Я про эту болезнь не слыхал, но понимал, что с печенью бывает плохо, если сильно пьют. А уж он-то, Федор Матвеич…

Однако следовало начать выдачу подарков. Я раскрыл свой парусиновый чемодан и достал коробку с куклой.

– Это тебе, Валентина.

Они, все трое, изумленно уставились на неземное существо в небесно-воздушном платье, спавшее в белых шелках. Когда Маша вынула куклу и та проснулась, открыв огромные голубые глаза, Валентина громко заплакала. Чудеса на то и чудеса, чтобы вызывать сильные эмоции. С опаской девочка взяла куклу, и стало ясно: теперь она не выпустит ее из рук.

Благосклонно были приняты шелковые чулки для Маши и кофточка для Капитолины Федоровны.

Но это еще было не все.

Понимал ли я, что разразится буря? Еще как понимал. Но что же было делать? С той минуты, когда я на чужом столе увидел хорошо знакомую фотографию, словно чья-то властная рука перевела стрелку с одного пути моей жизни на другой. Скрыть то, что произошло? Закрыть глаза? Нет, невозможно. Я же не кукла…

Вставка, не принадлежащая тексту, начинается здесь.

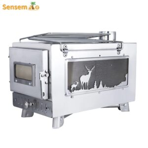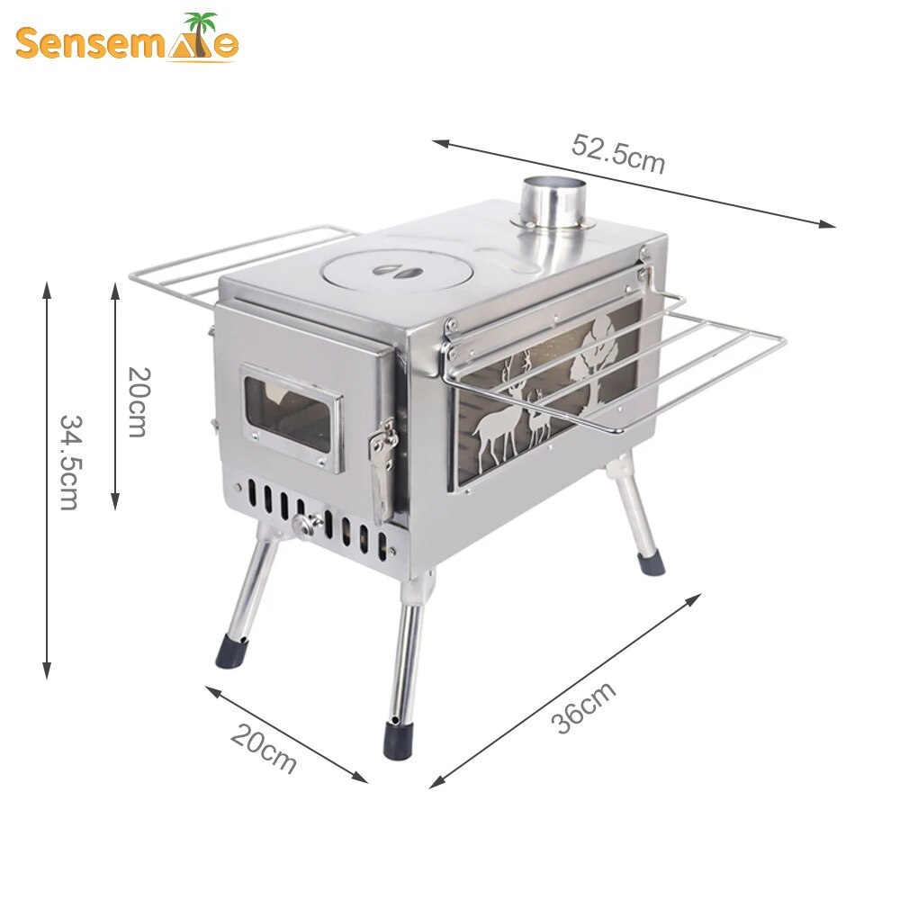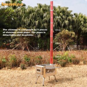 The addition of an adjustable air intake to the side of the portable wood stove allows fine-tuning of the burn rate and enables the firewood to make second circulation of burning, effectively reducing wood consumption and maximizing heat output. Firewood stove smoke pipe built-in spark suppressor to prevent sparks from popping out.

Итак, я вынул из чемодана два больших пакета и сказал:

– А это вам от Терентия Кузнецова.

– От кого?! – Капитолина Федоровна отшатнулась от меня на заскрипевшем стуле. – С чего ты взял?! Не знаю никакого Терентия!!! Не знаю, не знаю!!!

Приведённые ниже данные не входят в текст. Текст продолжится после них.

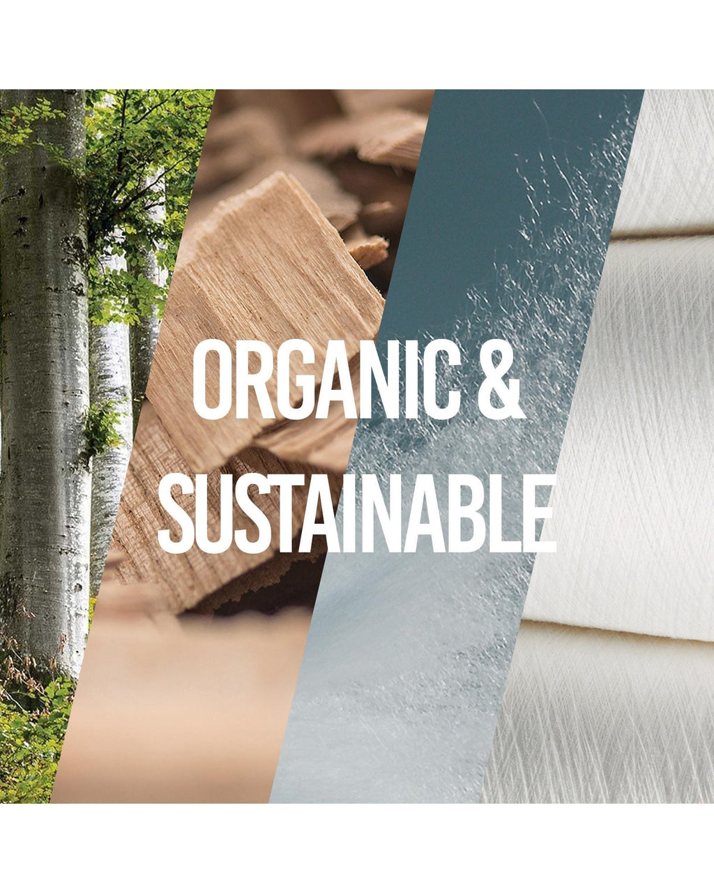 This pillow features a Tencel and pure polyester blend. Tencel is a sustainable fibre that is naturally hypoallergenic and provides moisture wicking properties, absorbing moisture away from the body along with lightweight warmth.

Маша, ничего не понимая, поднесла матери чашку воды, но та резко оттолкнула, вода пролилась на стол.

– Никакого Терентия знать не знаю! – криком кричала Капа.

Тут я вспомнил: Терентий говорил, что если она не захочет вспомнить, то – «одно только слово ей скажите…».

И я сказал негромко:

– Джахаваха…

Мигом оборвалась истерика. Капитолина Федоровна как-то сразу поникла. Кутая плечи в старый шерстяной платок, уставилась на меня влажными глазами.

– Ты… ты видел его?

Я начал было рассказывать, как случайно у дверей универмага в Хельсинки разговорился… – но умолк. Теперь хлынули слезы…

Ну и плач это был – долгий, безутешный. Упав головой на руки, скрещенные на столе, Капа содрогалась всем телом.

Мы с Машей были растеряны. Однако нельзя же так… Капа захлебывалась, хрипела, что-то невнятно бормотала. Мы подняли ее со стула, перенесли на диван, заставили выпить воды. Маша нашла пузырек с валерианкой в домашней аптечке, накапала в стаканчик с водой. Руки у нее дрожали…

Опять приснился возвратный сон – как мы с Оськой притащили в школьный двор старую автомобильную покрышку и пытались ее поджечь, и вдруг Артемий Иванович, наш директор, возник перед нами, в своей вечной серой толстовке, и пробасил: «Сюшьте, что вы делаете? Ведь вонять же будет».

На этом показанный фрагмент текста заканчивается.